Stupid People Give Me Drain Bamage

My best friend Denis told me that the topic of stupid people is an inexhaustible source of "inspiration" for any rant. In fact Denis (who is an excellent writer) has waxed on about the subject for a number of years. What is interesting is the evolution of his coping strategies over the years (from outrage to don't suffer fools - just make room).

This subject is interesting to me because we all are, to one degree or another, stupid. I made a particularly bone headed mistake last week that felt dumb when I did it and boy it delivered on that promise in spades. So in the after-burn of that particular flaming taco I consoled myself with the "I’ll be smarter next time" rationalization. I wonder though, are any of us actually smarter with experience or do we simply find new and innovative ways to express our "inner stupid"?

My inner stupid is a wonder to me, despite all my pretensions of some degree of rationality if it wasn't for the golden horseshoes south of the equator I would shuffled off my mortal coil years ago. So my question is smart people smarter or just luckier than the rest of us? Stupid people on the other hand are always judged through their deficiencies of "process' and often in a judgemental manner as if bad luck is somehow earned (and good luck is given?).

I recently reread "The Marching Morons” by Cyril Kornbluth (1951) for a humorous (and somewhat fascist take) on what happens when the stupid people take over the world. The story is as relevant today (perhaps more so) as it was all those years ago. Did I feel smarter for reading it? Not really but I recommend it anyway. It is interesting because it suggests that society will easily adapt to lowered expectations – whoops hasn’t that already happened?
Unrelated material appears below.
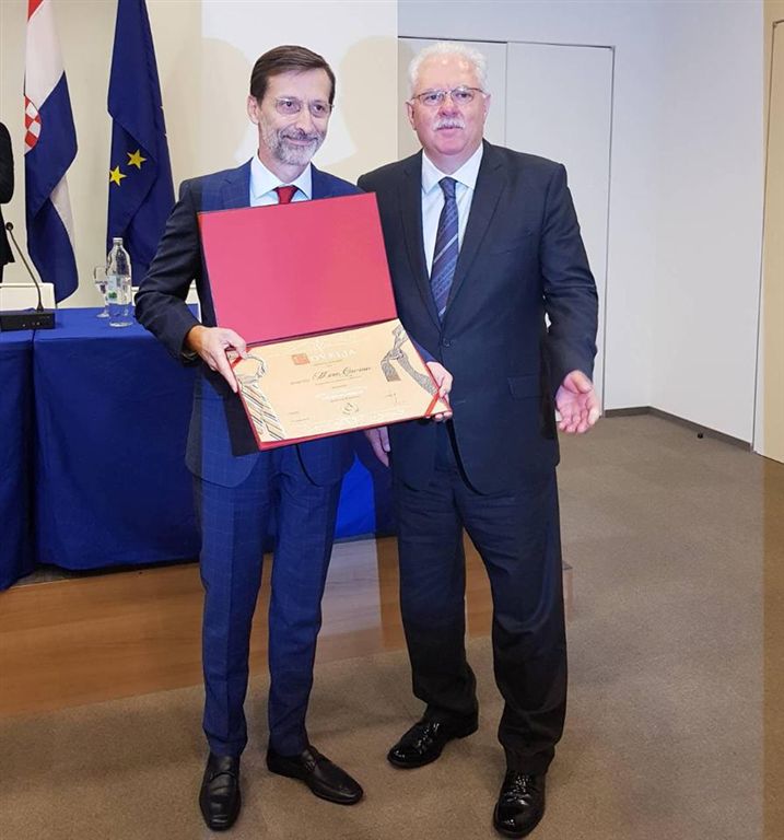 Plaketu o imenovanju su mu uručili Jelena Perleta, suvoditeljica Kluba za javnu diplomaciju Hrvatskog društva Ujedinjenih naroda i Marijan Bušić ravnatelj Academie Cravatica.
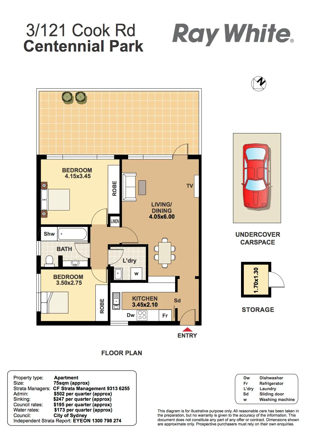 “Light & bright, spacious 75sqm with car parking”

In the end we are all as god made us, smart, and stupid, whatever – in a hundred years everyone who knows will be gone. That’s ok too, perhaps if there is a grand plan somewhere then that part insures that the terminally stupid and dangerously smart can’t really do any lasting damage to the rest of us marching morons…

"Most people would die sooner than think; in fact, they do"
Bertrand Russell

Thursday, November 26, 2009

The journey of a thousand miles starts with a single step (BTW it can end really badly)
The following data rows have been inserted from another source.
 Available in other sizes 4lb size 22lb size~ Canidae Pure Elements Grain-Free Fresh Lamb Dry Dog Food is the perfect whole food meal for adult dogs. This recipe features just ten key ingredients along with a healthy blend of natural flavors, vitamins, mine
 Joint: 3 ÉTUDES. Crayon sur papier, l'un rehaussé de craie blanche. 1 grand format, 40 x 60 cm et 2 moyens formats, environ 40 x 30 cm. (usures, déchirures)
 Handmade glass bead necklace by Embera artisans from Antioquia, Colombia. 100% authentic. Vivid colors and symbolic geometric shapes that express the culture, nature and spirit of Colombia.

Experience with anything is a curse and a blessing - both have the same outcome in that surprises at work, in relationships or life in general become fewer and fewer the older you get. When I was younger the uncertainty of my life scared me more than it excited me. The younger me flailed about trying to find something (anything) that worked out the way I THOUGHT it should rather than my experience (such as it was) told me it would.
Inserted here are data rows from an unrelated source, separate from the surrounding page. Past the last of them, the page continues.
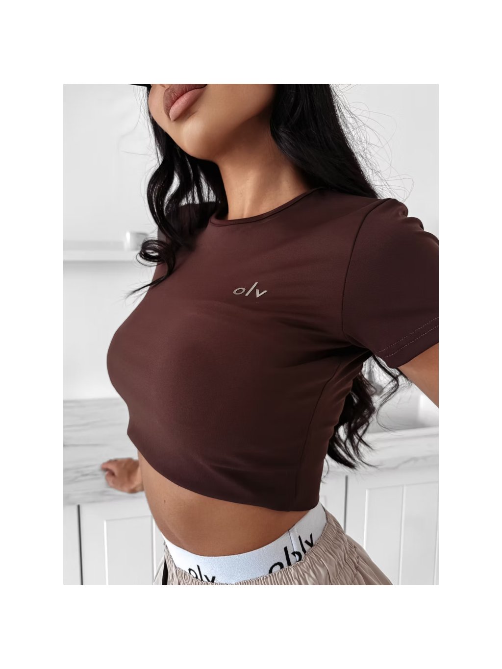 Dámske prilnavé tričko zvýrazňujúce vaše krivky z elastického materiálu a 3D logom olv.
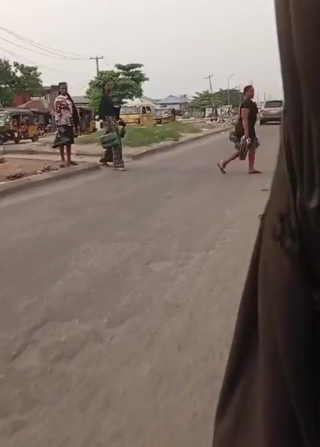 road in what appears to be a suburban or semi-urban area. There are a few pedestrians on the side of the road, and several cars and auto-rickshaws driving on the road. The sky is overcast, and the road itself is paved but appears to be in need of repair. The video appears to be taken from inside a moving vehicle.
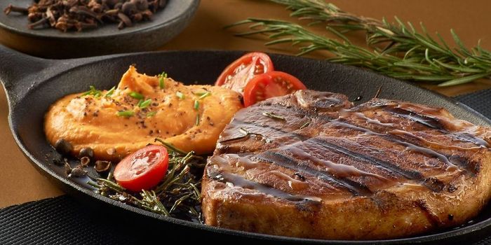 T-Bone a la parrilla ahumado al romero con puré de camote
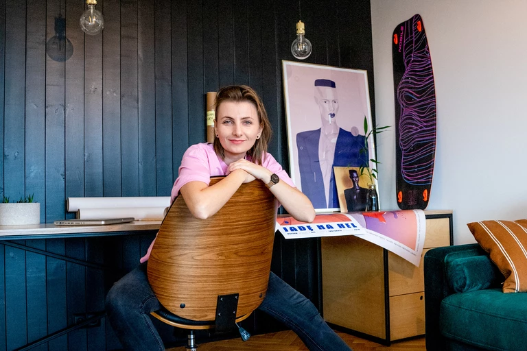 Przy projekcie zależało jej na stworzeniu bardzo wygodnego miejsca do pracy: większość dnia spędza przy komputerze. Rozwiązaniem tego problemu okazało się obszerne biurko z blatem o długości aż 260 centymetrów. Sklejka jest jednym z ulubionych materiałów ilustratorki, dlatego wykonano z niej także regał na książki, stół i komodę.
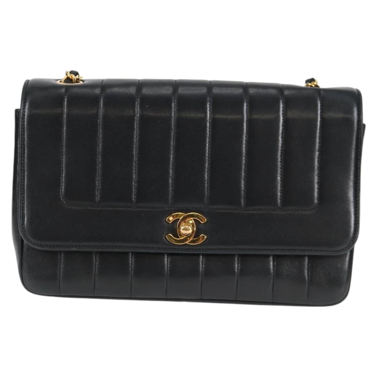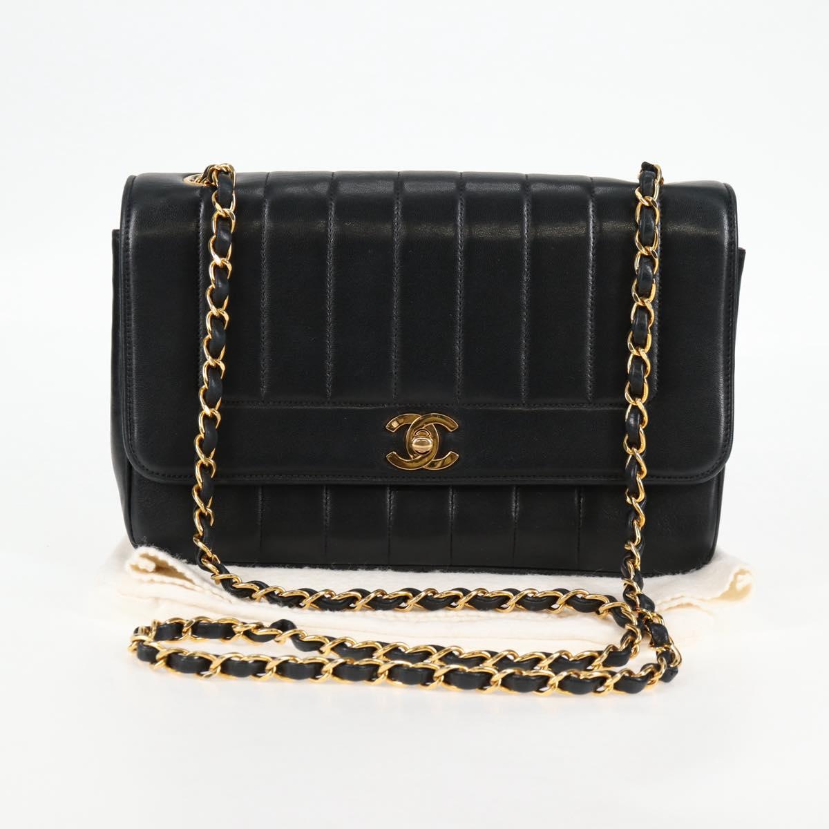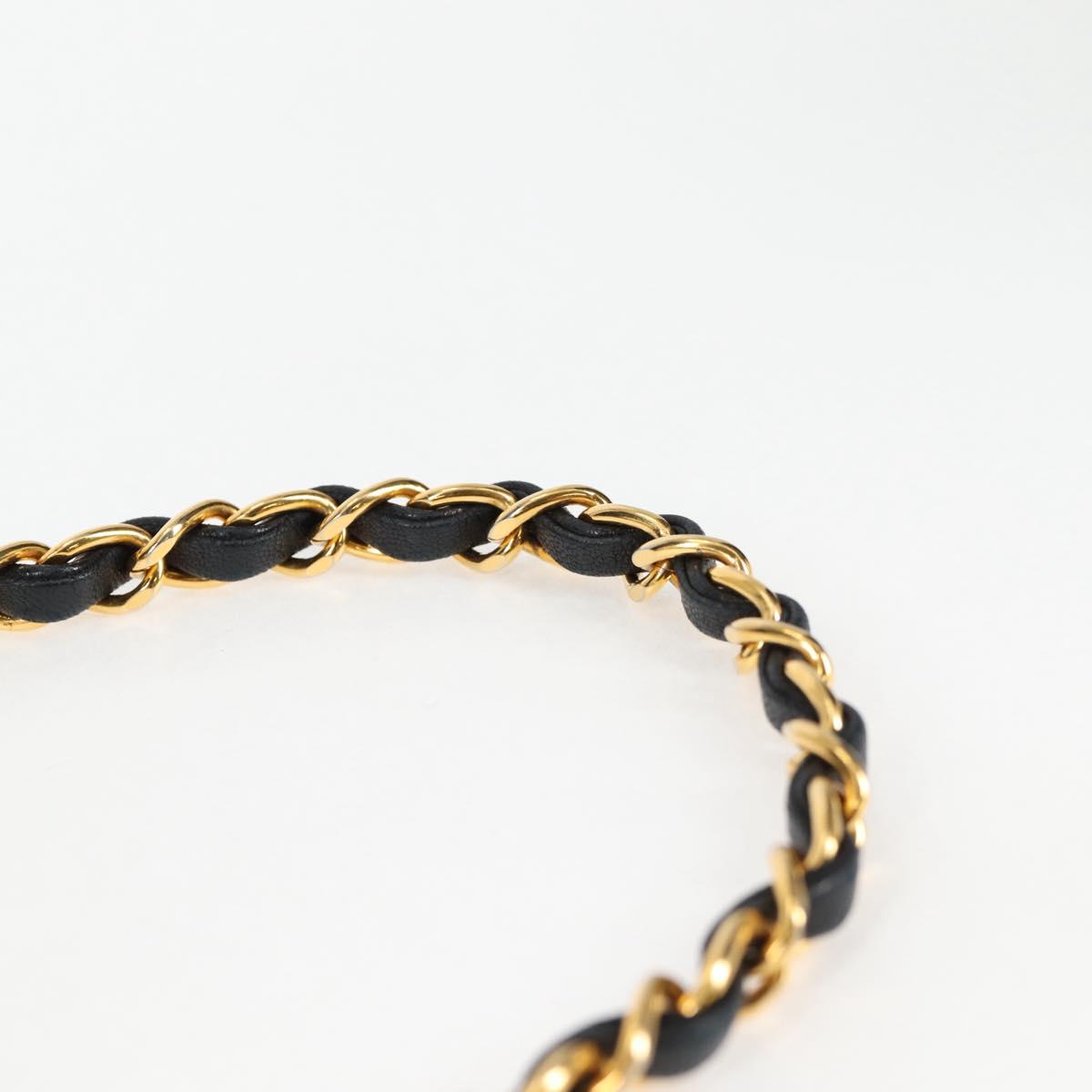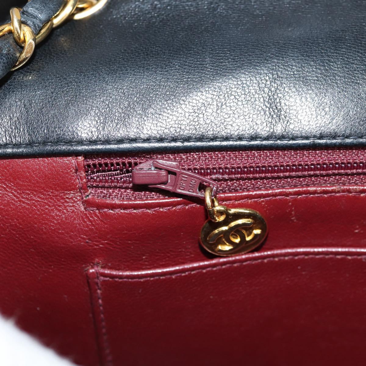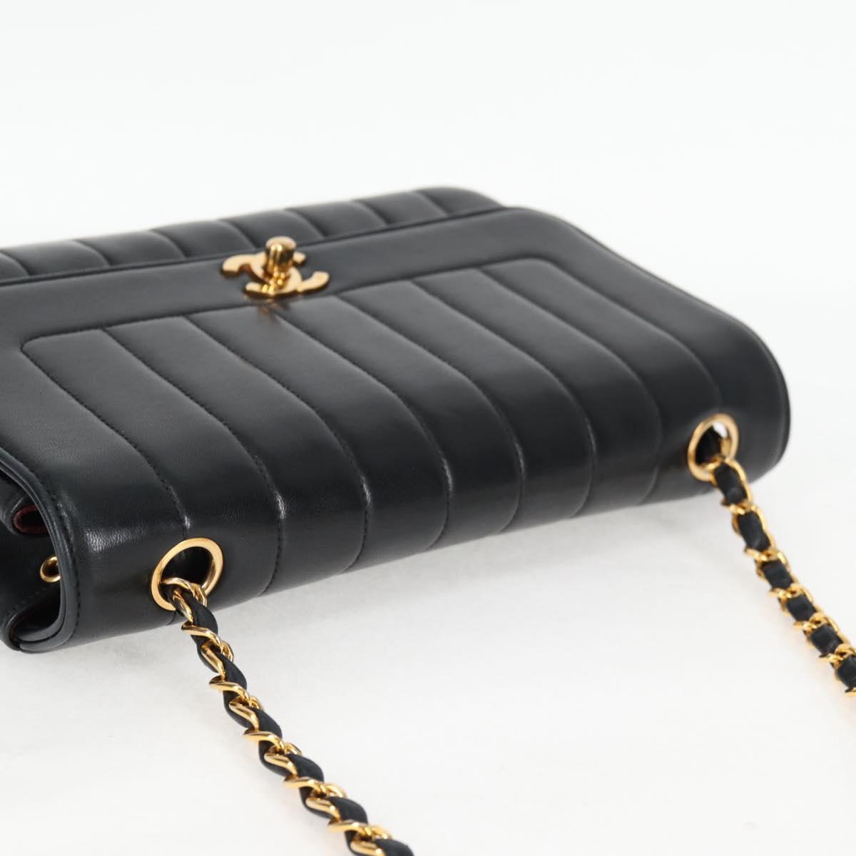 CHANEL Mademoiselle Chain Shoulder Bag Lamb Skin Black Gold CC Auth PP696V
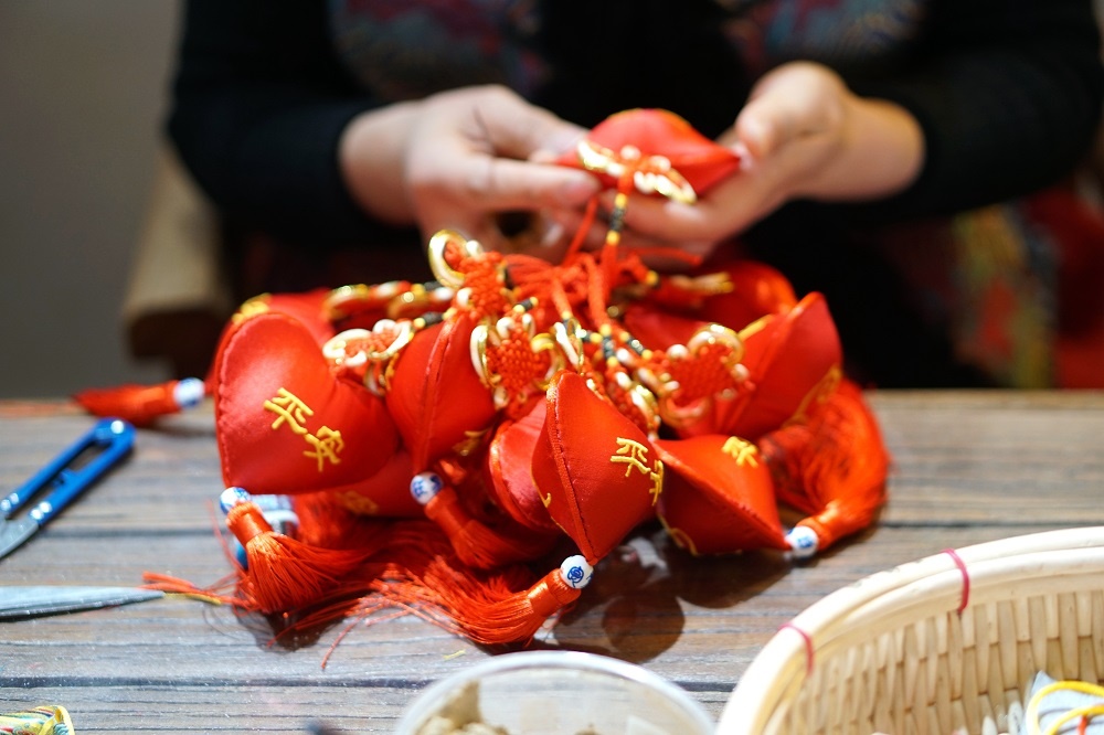 “這叫‘金絲寶葫蘆’,寓意招財(cái)進(jìn)寶。這個(gè)小蘋(píng)果,掛在車上寓意平平安安……”

Eventually I figured out what works for me and progressed through a blessed and fortunate life that has far exceeded what I thought I'd ever experience. During that journey I studied religion and philosophy formally and informally for a while and tried to assign value to those experiences through consideration of those principals that resonated with my particular sensibility. I used to consider myself an existentialist of the "nothing matters and what if it did " school of thought.

This was an easily defensible position (sort of like being an agnostic) in that the burden of proof as it was always remained on those who questioned that outlook and not on me for having it in the first place. One day I figured out that I am a coward for maintaining the self delusion that somehow I understood everything through that narrow and ultimately pointless perspective. Did I have an epiphany? some sort of religious conversion - nope sorry about that. What I did realize is that the big questions are just that, fricking big questions that no one will ever answer with any confidence. Oh and I'm fine with that.. magic remains in the world.

So now I like to stand outside my house in the country these cold nights and stare into the majesty of space and wonder why I ever worried about anything? I am free and getting free(er) every day.

"I used to think it was a terrible thing that life was so unfair. Then I thought, 'what if life were fair, and all of the terrible things that happen to us came because we really deserved them?' Now I take great comfort in the general unfairness and hostility of the universe."